It all began with the Iceman case. A former computer security consultant, Max Ray Butler (also known as “Iceman”), was allegedly attacking computers at financial institutions and credit card processing centers, stealing account information, and selling the data to others. The U.S. Secret Service (USSS), which was leading the investigation into Butler’s activities, knew of the CERT forensics team’s expertise in cracking sophisticated techniques used by cybercriminals, such as encrypting data to hide evidence. The team assisted the USSS in acquiring and decrypting the Iceman’s data, thus providing critical evidence for the government’s case.

Through word of mouth and presentations the team gives to law enforcement groups, demand for the team’s skills and tools spread to state police departments and other law enforcement agencies from coast to coast. “We are providing operational support to the United States Secret Service, to high-profile intrusion and identity theft investigations, and to investigations of other general computer crimes,” said team leader Rich Nolan, a former Drug Enforcement Administration agent. This support work enables the team to see problems in the field first hand and then refine their tools or develop new tools and techniques to solve those problems.
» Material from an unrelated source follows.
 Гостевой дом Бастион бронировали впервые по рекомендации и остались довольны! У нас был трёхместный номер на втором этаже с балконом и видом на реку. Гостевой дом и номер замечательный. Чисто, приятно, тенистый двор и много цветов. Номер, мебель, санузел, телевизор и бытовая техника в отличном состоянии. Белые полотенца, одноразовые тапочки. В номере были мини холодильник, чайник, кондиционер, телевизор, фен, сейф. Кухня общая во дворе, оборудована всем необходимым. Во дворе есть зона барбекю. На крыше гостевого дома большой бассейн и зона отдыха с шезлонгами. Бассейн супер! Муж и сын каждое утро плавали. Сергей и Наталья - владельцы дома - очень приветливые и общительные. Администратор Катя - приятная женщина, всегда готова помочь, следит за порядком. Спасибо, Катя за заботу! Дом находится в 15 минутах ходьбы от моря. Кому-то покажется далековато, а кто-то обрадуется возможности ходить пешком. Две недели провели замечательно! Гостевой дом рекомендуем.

One tool that was developed for a specific case is CCFinder. In cases in which investigators were trying to discover compromised credit card and financial account numbers, the existing tools produced many false positives. CCFinder does a better job of finding and validating account numbers and eliminating duplicate numbers. It also maintains a “pedigree” that shows all the locations in which each number was found. The pedigree reveals how stolen numbers were traded (after an initial theft, financial account numbers are often shuffled, split into chunks, and sold) and can
aid in tracing the source of the original theft. CCFinder also handles the problem of the sheer size of recent financial crimes, which had overwhelmed existing tools. “CCFinder was a big deal when we were working with 3 million account numbers,” said team member Matthew Geiger. “Then we quickly went from there to 45 million in the TJX case.”

“Our primary work is research, but the application of it in real-world cases is what’s really gratifying,” said Nolan. “A white paper is nice, but locking people up is better.
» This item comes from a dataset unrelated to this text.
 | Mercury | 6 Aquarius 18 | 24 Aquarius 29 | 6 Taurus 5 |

The “TJX case” was the investigation of 11 people who were charged in August 2008 with the theft of more than 40 million credit and debit card numbers from T.J. Maxx, Marshall’s, Barnes & Noble, OfficeMax, and other major retailers. The forensics team participated in an electronic crimes task force along with USSS agents and state and local law enforcement. “It was an eye-opening experience participating in a law-enforcement action of that scale, with well-organized simultaneous searches,” said Geiger.

U.S. Representatives John Murtha, Mike Doyle, and Jason Altmire recognized the team’s efforts on TJX during a visit to Carnegie Mellon University in September 2008. “CERT’s role in this landmark case underscores its importance in computer security over the past 20 years,” said Murtha.

Forensics team members Nolan, Geiger, Cal Waits, Kristopher Rush, and Larry Rogers have multiplied their effectiveness by training the USSS, the FBI, the Department of Defense cyber crime lab, and other law enforcement groups in their tools and techniques. The training is done live on site at the SEI and also via CERT’s Virtual Training Environment (VTE), a secured, self-paced, web-based training lab. Authorized members of law enforcement groups can access a number of forensics tools developed by the team on VTE.

“Our primary work is research, but the application of it in real-world cases is what’s really gratifying,” said Nolan. “A white paper is nice, but locking people up is better.